【81】あるカトリック・ファミリーの移住史(1)

イワシから世界を見てみよう、とイワシを追いかけていたら、長崎のカトリック・コミュニティに出会った。

 

たとえば、イワシ漁や煮干し加工の中心地の一つである長崎県佐世保市神崎(こうざき)集落はほとんどの住民がカトリック信者だし、かつてイワシ産業の中心地の一つだった五島列島・中通島(なかどおりじま)も、イワシ漁にたずさわる漁師の多くがカトリック信者だった(鎌田慧「まき網盛衰史・長崎県奈良尾町」に、その様子が描かれている)。

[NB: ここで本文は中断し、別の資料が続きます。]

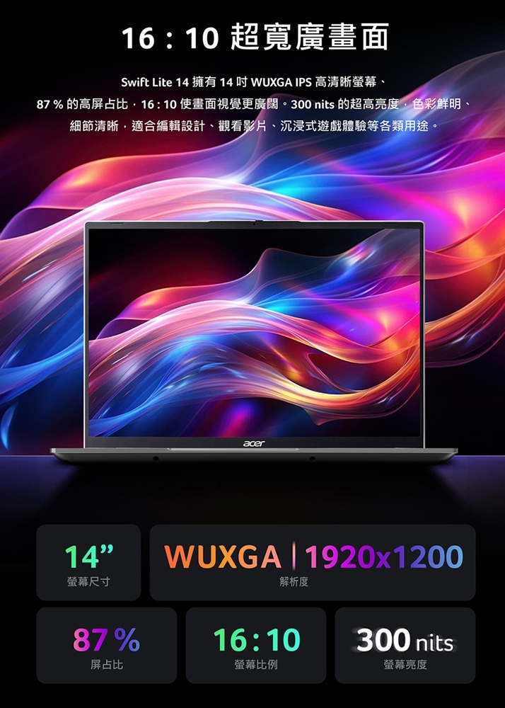 尺寸/規格:14.0" IPS/16:10/霧面/LED背光
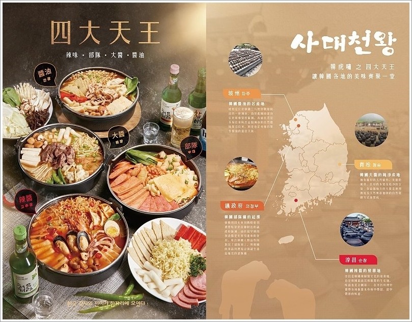 ▼登愣!這裡主打的就是四大天王的韓式火鍋啦!有醬油、大醬、部隊、辣醬等四種不同湯頭,一次就能網羅到韓國各地的不同美味!
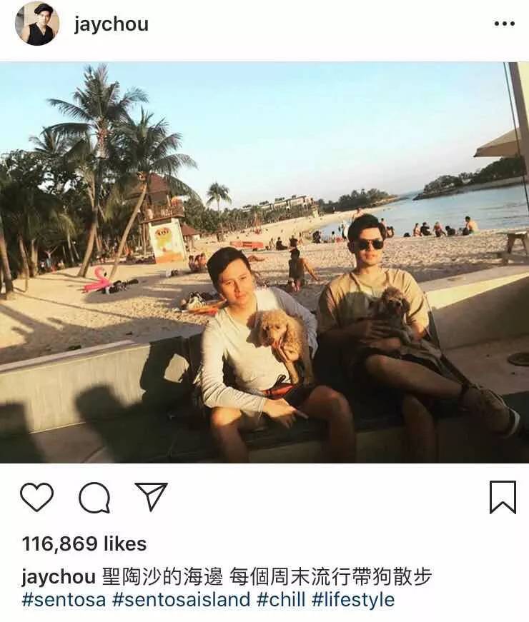 就在网友都深感疑惑,纷纷猜测时,周董在ins上也发出了一张图片,不过他并没有和昆凌合照,而是和一位男性友人携爱犬沐浴阳光。

ごく大雑把に言うとこういうことだ。隠れキリシタン(潜伏キリシタン)、そしてカトリック信者は、長い歴史の中で周辺部に置かれ、古くは迫害を逃れ、また、生活の安定を求めて、移住を繰り返してきた。新しい土地では、土地をもつのが難しいので、労働者として働くか、海に出るしかない。そこでイワシ漁だ。イワシ漁は、明治以降、長崎各地で現金収入の重要な手段になっていた。

 

イワシ漁にたずさわる、たずさわらないは別として、長崎のカトリック・コミュニティは移動を繰り返してきた。叶堂隆三著『カトリック信徒の移動とコミュニティの形成』は、その詳細を明らかにした労作だ。この本を読んでいる中で、僕は、一九〇〇(明治三三)年ごろ「滝下精蔵」らが五島から平戸島に移住した、という記述を見つけた。「滝下」は僕の妻、実千代さんの旧姓だ。その父、つまり僕の義父は、平戸出身の敬虔なカトリック信者で東京在住(若いころに平戸から東京に単身移住した)。「滝下精蔵」の話は、かねて「先祖は隠れキリシタンで、五島列島から来たらしい」と言っていた義父の話とピタリと一致する。滝下精蔵の移住先とされている平戸の地区は、義父の出身地そのものだった。「滝下精蔵」は滝下家の先祖と考えてまず間違いない。

 

思わぬ出会い方をしてしまった僕は、滝下家の歴史を追いかけてみることになった。それは、思わぬ広がりを持った移住の歴史だった。

 

江戸後期の一七九七(寛政九)年、現在の長崎市外海(そとめ)地方(遠藤周作『沈黙』の舞台だ)に領地を持っていた大村藩が、潜伏キリシタンたち一〇八名を五島列島に開拓移住させた。以降、三〇〇〇人ほどのキリシタンが五島に移住したと言われる。未開発の土地を開墾させるために五島藩が大村藩に相談して決めたものだ。大村藩側からすれば、ある種の棄民政策だったようだ。

 

おそらく、滝下家の先祖もその中にいた。滝下家が移住したのは五島列島・中通島の鯛ノ浦という地区で、外海地方からの移住者が多い土地と伝えられている。

 

明治に入り、しかしまだキリシタン弾圧がまだ続いていたころ、その鯛ノ浦でのキリシタンの中心人物だったとされるのが、先ほどの滝下精蔵だった。精蔵を初めとする鯛ノ浦のキリシタンたちは、隣の福江島の役人による弾圧に遭う。「縛ったまま海へ投げ入れ、足に綱をつけて船の艫(とも)に結び、五丁櫓を立てて逆漕ぎに漕ぎ廻るやら、散々な目に遭」った。役人は、とくに「精蔵だけを(中略)引き出し、再び算木にも乗せれば、坂漕ぎにも遭わした。息が切れると引上げて水を吐かせ、身を暖めたり、薬を飲ませたりして蘇生させ、蘇生すると再び海に突込んで漕ぎ廻ると云う様に、随分残酷なことをやった」(『五島キリシタン史』)。

 

キリスト教が解禁されるのがその後の一八七四(明治六)年。鯛ノ浦は、島のカトリック教会の中心地の一つになるが、滝下家はその後再移住し、最後は北海道に移住する。その話は次回に。(つづく)

 

(資料:文中に挙げたもののほか、『五島編年史』、『有川町郷土誌』一九二〇年版、一九七二年版、一九九三年版、『鯛之浦修道院一〇〇年の歩み』、『鯛ノ浦小教区史』、鎌田慧『日本列島を往く(3)海に生きるひとびと』他)

 

(さっぽろ自由学校「遊」『ゆうひろば』2019年12月号掲載)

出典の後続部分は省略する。